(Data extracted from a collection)
=== Begin Enclosure ===

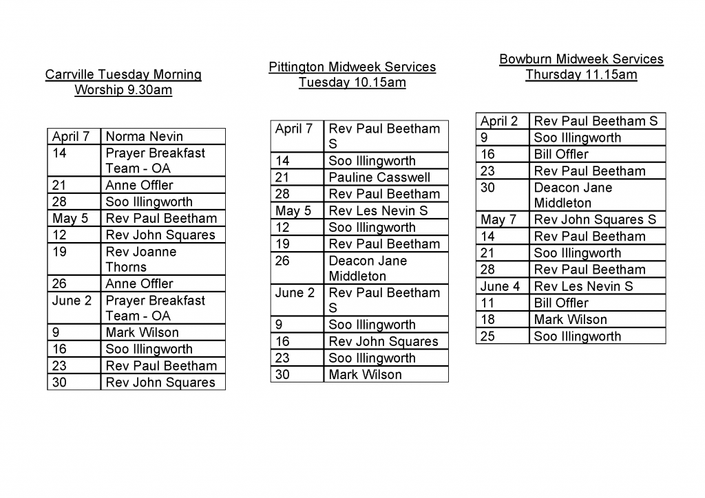 Preaching Plan: Jan to March 2026 and April to June 2026 Churches -Jan to March 2026 Lectionary Readings Holy Week Services Hymn Books etc April to June 2026 Lectionary Readings
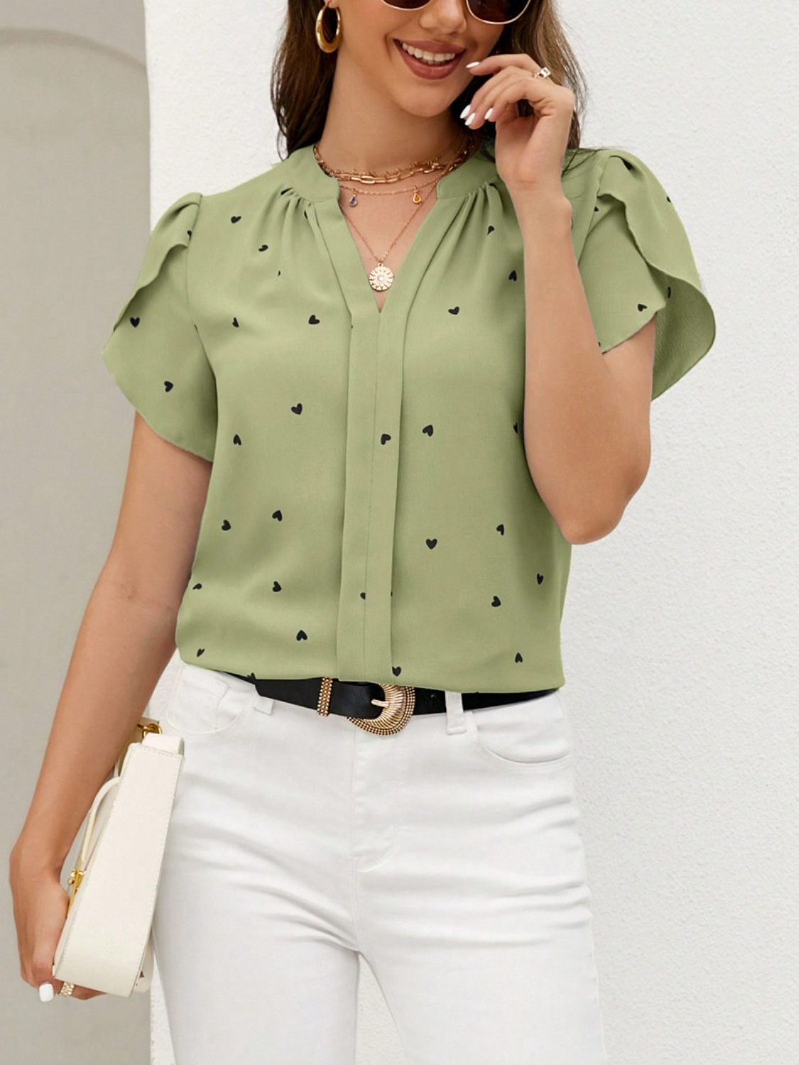Heart Print Notched Petal Sleeve Blouse
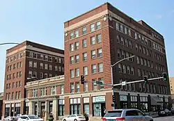 Stockholders incorporated the Davenport Hotel Company in 1905 to construct a modern hotel that was roughly equidistant from the city's two passenger depots.[2] The construction of the Davenport Hotel in 1907 ushered in the third phase of hotel construction in the city of Davenport.[3] It replaced the Kimball House as Davenport's finest hotel. The other hotels that belong to this era are the Dempsey Hotel (1913), the Hotel Blackhawk (1915) and the Hotel Mississippi (1931). It was considered the first "modern" hotel in the city, and was touted as one of the finest hotels in the Mississippi River Valley when it opened.[3] The hotel featured such amenities as "fireproof" construction, elevators, a dining room, and sample rooms for traveling salesmen. The building's interior also featured "steam heat, hot and cold water, telephones and electric lights, heavy brass bedsteads with box springs and hair mattresses, velvet carpets and fancy window draperies, quartered oak and Flemish oak furniture, mahogany combination tables and writing desks and beveled mirrors."[4] It was also the first of Davenport's "tall buildings."[4][5]
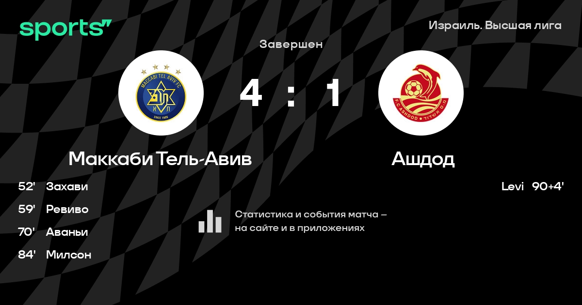| 1 | Маккаби Тель-Авив | 36 | 26 | 7 | 3 | 75 | 25 | +50 | 85 | ||
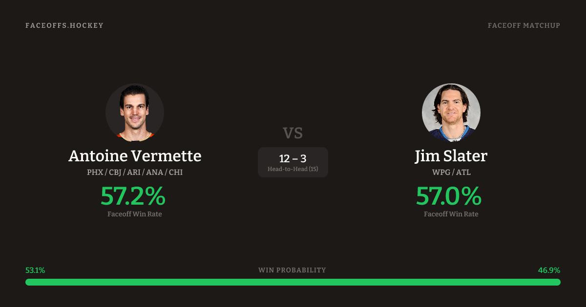 Antoine Vermette vs Jim Slater — Faceoff Head-to-Head
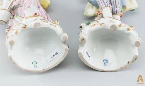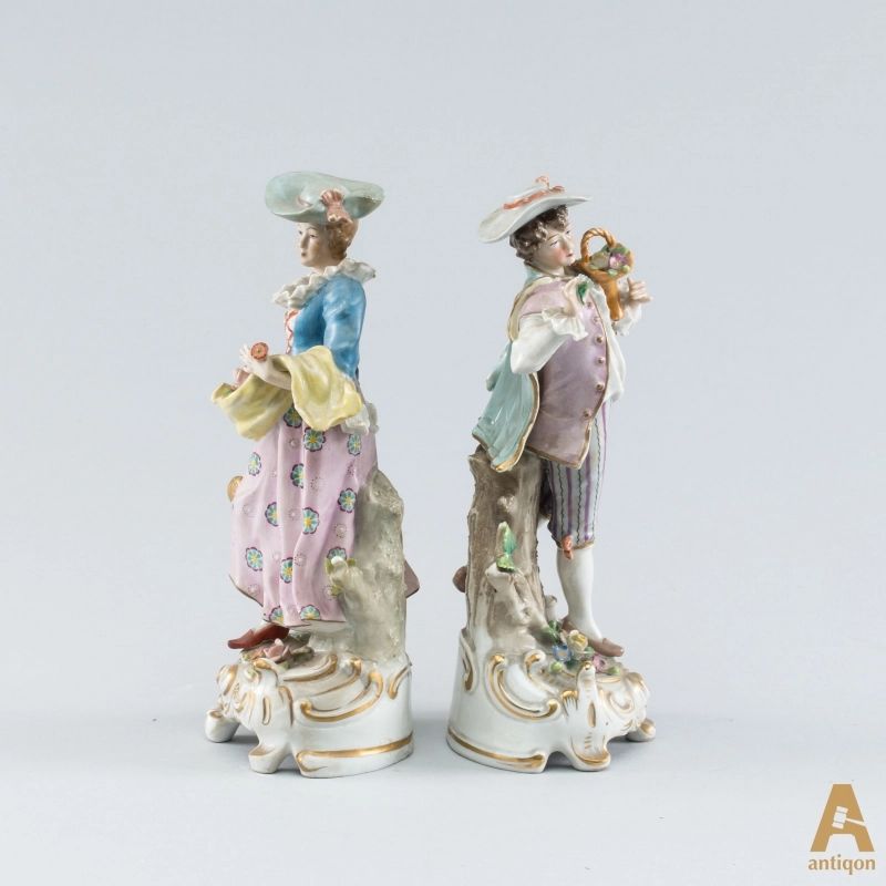 Фарфоровая группа "Романтическая пара"состоящая из двух фигурок , Девушка с лейкой и Юноша с корзинкой цветов. Клеймо производителя Sitzendorf.
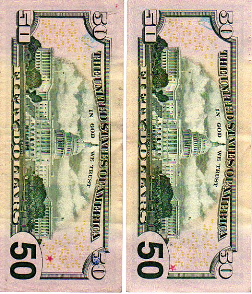 and today (August 30th, 2010) : a very well marked $50 a fish (on the other end of the same $50) : and another duplicate. Personally I think this makes the foreign currency exchange mark less believable…. but as I have said before that may just be me.
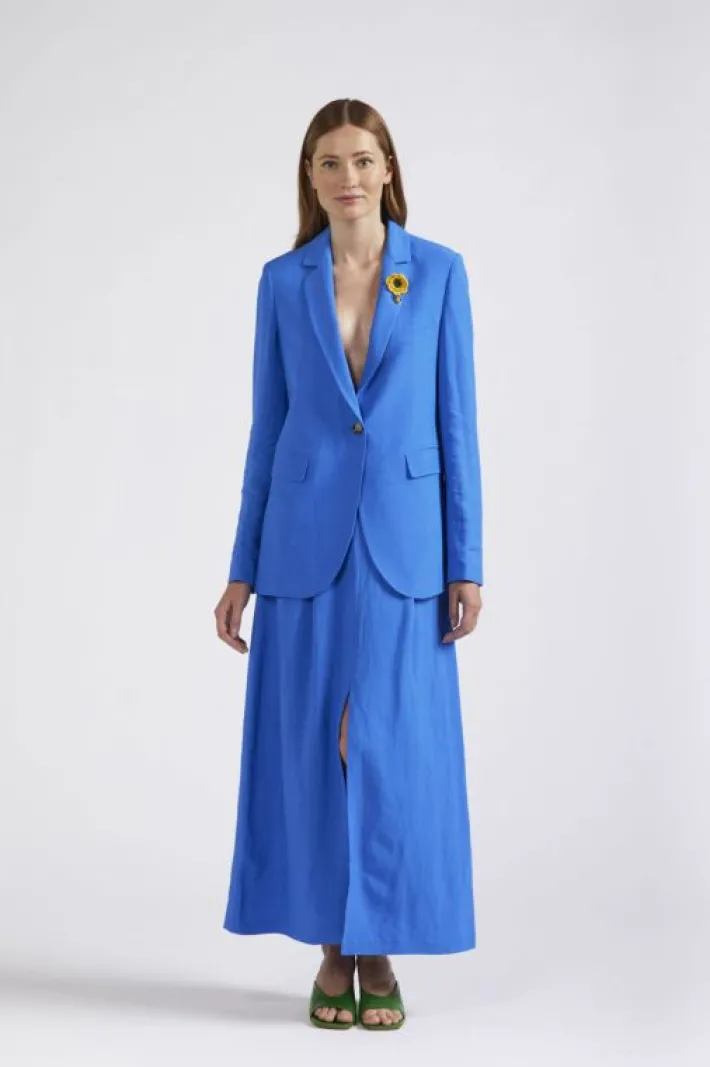 Giacca monopetto realizzata in un fresco tessuto misto lino. la giacca è impreziosita da un delicato accessorio removibile a forma di fiore lavorato a crochet. chiusura con un bottone dotato e tasche a filetto con pattina.
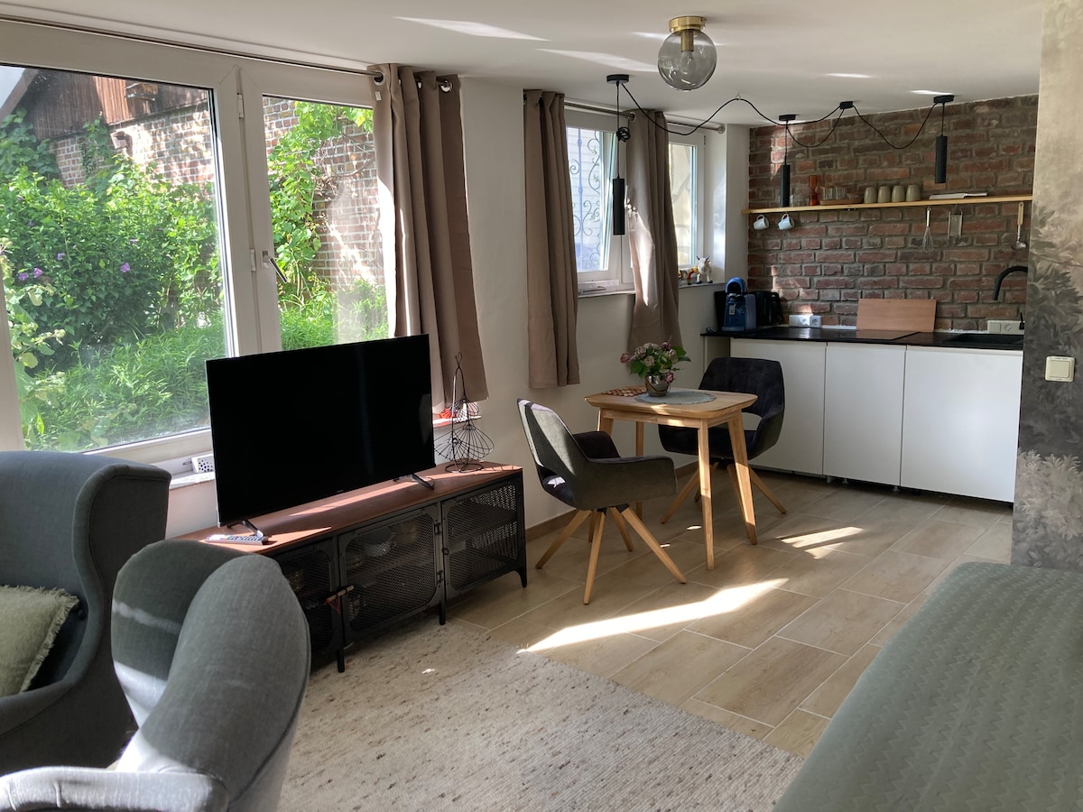 Nalazi se na selu, a ipak blizu Bonna i Kelna, oko 60 m2, privatni ulaz, pored oko 15 m2 južne terase na velikom vrtu sa starim drvećem. Imajte na umu da se zbog blizine vrta u stanu također može izgubiti insekt. Stan je opremljen s dvije velike sobe, integrisanom kuhinjom , hodnikom i kupatilom. Korištenje vlastite saune stana moguće je uz malu naknadu. Korištenje vrta je moguće po dogovoru.

=== End Enclosure ===

▸ What is needed:
Would you write out exactly the lines above, starting at the line containing "Клеймо производителя Sitzendorf." and stopping after the line containing "and today (August"? Omit the pictures.

▸ Solution to the exercise:
 Фарфоровая группа "Романтическая пара"состоящая из двух фигурок , Девушка с лейкой и Юноша с корзинкой цветов. Клеймо производителя Sitzendorf.
 and today (August 30th, 2010) : a very well marked $50 a fish (on the other end of the same $50) : and another duplicate. Personally I think this makes the foreign currency exchange mark less believable…. but as I have said before that may just be me.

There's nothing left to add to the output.